Re: [3/3] arm64: Add software workaround for Falkor erratum 1041

[Manoj Iyer]

James,

Looks like my VM test raised a false alarm. I retested stock Artful 4.13 
kernel (No erratum 1041 patches applied).


Host: Ubuntu Artful 4.13 kernel with *no* erratum 1041 patches applied.
Guest: Ubuntu Zesty (4.10) kernel.

- Created 20 VMs one at a time

In a loop:
- Stop (virsh destroy) 20 VMs one at a time
- Start (virsh start) 20 VMs one at a time.

And, I am able to reproduce the system reset issue I previously reported. 
I think the problem I reported with VMs might have nothing to do with the 
erratum 1041 patches, and probably needs to be root caused seperately.


With stock 4.13 kernel (no erratum 1041 patches applied):

awrep6 login: [  461.881379] ACPI CPPC: PCC check channel failed. Status=0
[  462.051194] ACPI CPPC: PCC check channel failed. Status=0
[  462.223137] ACPI CPPC: PCC check channel failed. Status=0
[  462.633790] ACPI CPPC: PCC check channel failed. Status=0
[  463.231971] ACPI CPPC: PCC check channel failed. Status=0
[  463.403163] ACPI CPPC: PCC check channel failed. Status=0
[  463.822936] ACPI CPPC: PCC check channel failed. Status=0
[  463.995222] ACPI CPPC: PCC check channel failed. Status=0
[  464.130962] ACPI CPPC: PCC check channel failed. Status=0
[  464.258973] ACPI CPPC: PCC check channel failed. Status=0
[  465.283028] ACPI CPPC: PCC check channel failed.
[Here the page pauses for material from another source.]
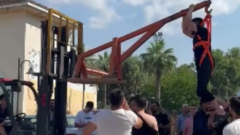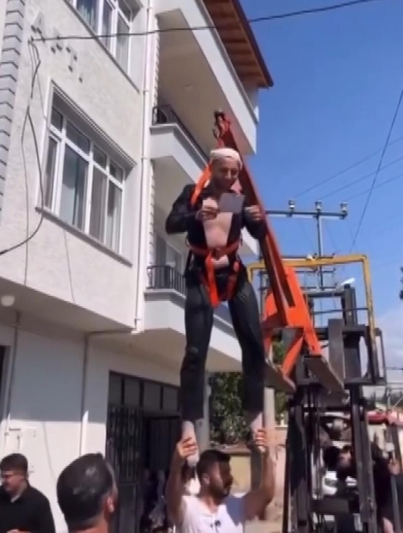 Gelin alma sırasında damat Hasan Bafralı'nın arkadaşları, önce damadı forklifte astı, ardından bahçe hortumu ile yıkayıp su dolu bidona soktular.
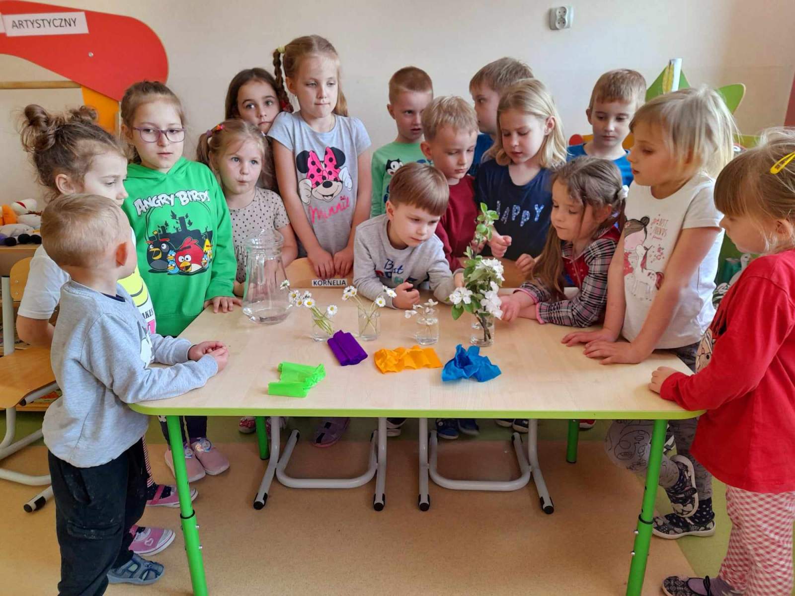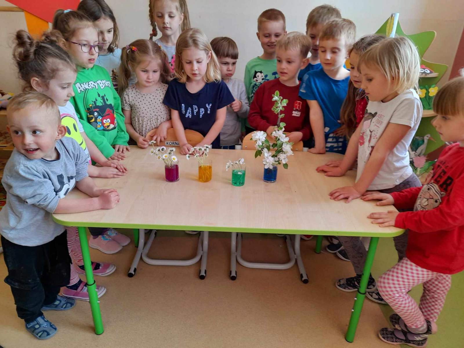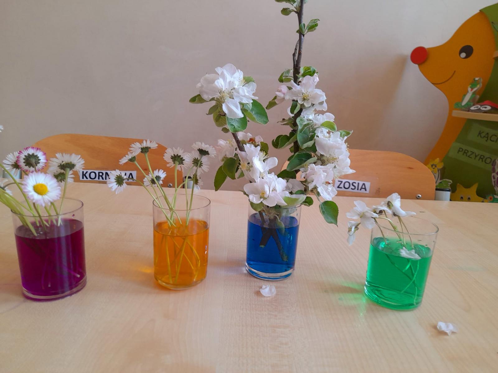W poniedziałek Misie przeprowadziły ostatni eksperyment pt. „Tęczowe kwiaty”. Napełniły cztery szklanki wodą, zabarwiły wodę kolorową bibułą, a następnie włożyły do nich białe kwiatki. Obserwacje prowadziły przez, kilka godzin. Zabarwiona wodą wciągana jest przez łodygę w górę, w kierunku liści i kwiatów. Był to bardzo efektowny eksperyment, sprawił dzieciom dużo radości, przedszkolaki pozyskały nowe wiadomości.

Status=0


SYS_DBG: Running SDI image (immediate mode)
SYS_DBG: Ram Dump Init
SYS_DBG: Failed to init SD card
SYS_DBG: Resetting system!


On Thu, 9 Nov 2017, Manoj Iyer wrote:





On Thu, 9 Nov 2017, Manoj Iyer wrote:



James,

(sorry for top-posting)

Applied patch 3 patches to Ubuntu Artful Kernel ( 4.13.0-16-generic )

- Start 20 VMs one at a time

In a loop:
- Stop (virsh destroy) 20 VMs one at a time
- Start (virsh start) 20 VMs one at a time.
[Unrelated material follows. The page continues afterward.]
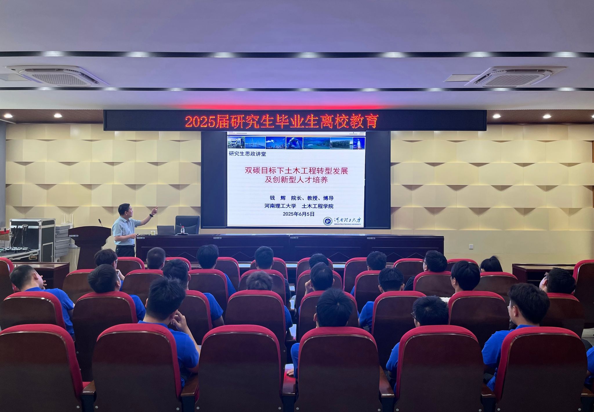 为深入贯彻落实立德树人根本任务,加强毕业生思想政治教育,6月5日下午,2025届研究生毕业生离校教育活动在土木学院101会议室成功举办。本次活动由钱辉院长主讲,全体毕业研究生参加。

Fixing some confusion I might have introduced in my prev email.

- Applied all 3 patches to Ubuntu Artful Kernel ( 4.13.0-16-generic )

- Created 20 VMs one at a time

In a loop:
- Stop (virsh destroy) 20 VMs one at a time
- Start (virsh start) 20 VMs one at a time.
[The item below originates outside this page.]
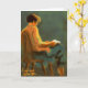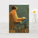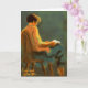 Eine komplett bekleidete Figur-Studie. Eine Frau mit kurzem Haar sitzt bequem auf einem Holzstuhl, während sie ein Buch liest. Die Sonne scheint auf ihrem Gesicht, während sie sich meistens von der Aussicht abwendet.

The system reset's itself after starting the last VM on the 1st loop 
displaying the following:


awrep6 login: [ 603.349141] ACPI CPPC: PCC check channel failed. Status=0
[ 603.765101] ACPI CPPC: PCC check channel failed. Status=0
[ 603.937389] ACPI CPPC: PCC check channel failed. Status=0
[ 608.285495] ACPI CPPC: PCC check channel failed. Status=0
[ 608.289481] ACPI CPPC: PCC check channel failed. Status=0

SYS_DBG: Running SDI image (immediate mode)
SYS_DBG: Ram Dump Init
SYS_DBG: Failed to init SD card
SYS_DBG: Resetting system!

Followed by the following messages on system reboot:
[ 6.616891] BERT: Error records from previous boot:
[ 6.621655] [Hardware Error]: event severity: fatal
[ 6.626516] [Hardware Error]: imprecise tstamp: -00-00 00:00:00
[ 6.632851] [Hardware Error]: Error 0, type: fatal
[ 6.637713] [Hardware Error]: section type: unknown, 
d2e2621c-f936-468d-0d84-15a4ed015c8b

[ 6.646045] [Hardware Error]: section length: 0x238
[ 6.651082] [Hardware Error]: : 72724502 5220726f 6f736165 6e55206e 
.Error Reason Un
[ 6.659761] [Hardware Error]: 0010: 776f6e6b 006e   
known...
[ 6.668442] [Hardware Error]: 0020:     

[ 6.677122] [Hardware Error]: 0030:     




On Thu, 9 Nov 2017, James Morse wrote:


Hi Manoj,

On 08/11/17 19:05, Manoj Iyer wrote:

On Thu, 2 Nov 2017, Shanker Donthineni wrote:

The ARM architecture defines the memory locations that are permitted
to be accessed as the result of a speculative instruction fetch from
an exception level for which all stages of translation are disabled.
Specifically, the core is permitted to speculatively fetch from the
4KB region containing the current program counter and next 4KB.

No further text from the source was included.